DENPASAR (Independensi.com) – Untuk mengatasi masalah adanya penurunan pasokan ayam di Provinsi Bali, Kementerian Pertanian melalui Direktur Jenderal Peternakan dan Kesehatan Hewan (Dirjen PKH) I Ketut Diarmita mengumpulkan
seluruh pemangku kepentingan untuk duduk bareng membahas penyelesaian masalah tersebut.
Demikian dalam keterangan pers kepada Independensi.com, Sabtu (28/4/2018).
Bertempat di Kantor Dinas Peternakan dan Kesehatan Hewan Provinsi Bali, Jumat (27/04/2018) I Ketut Diarmita memimpin pertemuan yang dihadiri oleh perwakilan pedagang ayam, pembibit ayam dan peternak ayam wilayah Bali, serta Pemda Bali.
Pada kesempatan tersebut, I Ketut Diarminta meminta penjelasan penyebab adanya demo perkumpulan pedagang ayam di Bali pada tanggal 22 april 2018 yang mengalami kesulitan mendapatkan pasokan ayam hidup dengan bobot 1,8 kg/ekor berat hidup.
Menanggapi hal tersebut, para peternak ayam menjelaskan bahwa berkurangnya pasokan ayam dengan bobot 1,8 kg/ekor berat hidup dikarenakan banyak peternak yang melakukan panen dini dengan kisaran berat hidup 1,3 kg. Menurut para peternak, panen dini ini dilakukan karena adanya kekhawatiran diserang penyakit koksidiosis.

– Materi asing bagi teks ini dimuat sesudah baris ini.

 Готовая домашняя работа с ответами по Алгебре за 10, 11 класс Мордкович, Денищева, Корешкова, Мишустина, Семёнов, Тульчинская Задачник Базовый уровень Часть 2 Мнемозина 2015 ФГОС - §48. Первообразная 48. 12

Lebih lanjut I Ketut Diarmita menjelaskan, secara populasi dan produksi Day-Old-Chick Final Stock (FS) Broiler di Bali periode Januari sampai dengan Maret 2018 ini harusnya sangat cukup. Pada bulan Januari-Maret produksi dan pasokan DOC FS broiler di Bali sebanyak 22,2 juta atau dengan rata-rata 7,4 juta ekor per bulan, sedangkan kebutuhan rata-rata Provinsi Bali sebanyak 6,3 juta ekor per bulan artinya ada kelebihan pasokan DOC sebanyak 1,1 juta ekor per bulan.

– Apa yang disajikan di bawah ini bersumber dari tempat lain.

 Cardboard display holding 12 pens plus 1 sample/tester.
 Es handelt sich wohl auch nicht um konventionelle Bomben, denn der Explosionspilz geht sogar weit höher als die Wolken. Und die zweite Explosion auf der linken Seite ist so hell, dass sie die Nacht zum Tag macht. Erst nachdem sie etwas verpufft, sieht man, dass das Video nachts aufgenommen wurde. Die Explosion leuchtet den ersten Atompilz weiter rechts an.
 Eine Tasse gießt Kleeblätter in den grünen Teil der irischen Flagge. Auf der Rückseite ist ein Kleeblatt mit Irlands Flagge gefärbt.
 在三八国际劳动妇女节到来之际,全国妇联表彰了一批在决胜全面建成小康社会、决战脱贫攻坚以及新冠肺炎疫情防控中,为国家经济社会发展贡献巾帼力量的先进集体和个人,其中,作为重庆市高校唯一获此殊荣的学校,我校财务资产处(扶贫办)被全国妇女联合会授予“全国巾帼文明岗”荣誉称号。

Hal ini juga dikuatkan oleh penjelasan dari para pembibit ayam yang hadir pada pertemuan tersebut yaitu PT. Charoen Pokphand, PT. Japfa Comfeed, PT. Suja, PT. Wonokoyo bahwa ketersediaan DOC FS broiler sangat mencukupi selama tahun 2018 ini.
I Ketut Diarmita meminta Dinas Peternakan dan Kesehatan Hewan Provinsi Bali untuk menghitung kembali jumlah kebutuhan DOC FS dan ayam potong hidup di Provinsi Bali dengan melibatkan para peternak, pembibit dan pengusaha pemotongan ayam broiler.
Menurutnya, berdasarkan hasil perhitungan tersebut akan diambil langkah-langkah terbaik guna memenuhi kebutuhan ayam potong dan daging ayam di Bali seperti dengan memasukkan DOC FS dari Pulau Jawa ke Bali agar harga ayam hidup dan karkas ayam bisa kembali normal.
Perwakilan Perkumpulan Peternak Ayam Broiler Bali (PPAB) menjelaskan, saat ini harga ayam potong hidup berkisar Rp. 24.000,- per kg jauh lebih tinggi dari harga ayam hidup di Provinsi lain seperti di Jawa.
Menanggapi keluhan dari para pedagang ayam tersebut, I Ketut Diarmita menyampaikan, para peternak ayam seharusnya segera melakukan efisiensi dalam produksi agar mampu bersaing dengan produk dari negara lain.
“Efisiensi ini harus dilakukan dengan cara memperbaiki kualitas pakan, manajemen kandang dan manajemen kesehatan hewan,” kata I Ketut Diarmita. “Kita harus berubah, jika tidak mau berubah, maka kita yang akan tergilas dengan perubahan itu,” tandasnya.
Sementara itu Sugiono Direktur Perbibitan dan Produksi Ternak menyampaikan, agar para peternak dan pedagang ayam menyadari bahwa isu yang terjadi di perunggasan akan sangat mempengaruhi perilaku peternak dalam berproduksi dan harga jual ayam, serta harga DOC FS. Untuk itu, Ia meminta kepada semua Stakeholder harus secara bersama-sama menjaga kestabilan harga dan iklim usaha yang baik.
Selanjutnya untuk menyeimbangkan supply dan demand, Kepala Dinas Peternakan dan Kesehatan Hewan Provinsi Bali I Putu Sumantra akan menghitung kembali secara bersama-sama dengan peternak terkait kebutuhan DOC FS dan ayam hidup di Provinsi Bali pada tanggal 30 April 2018.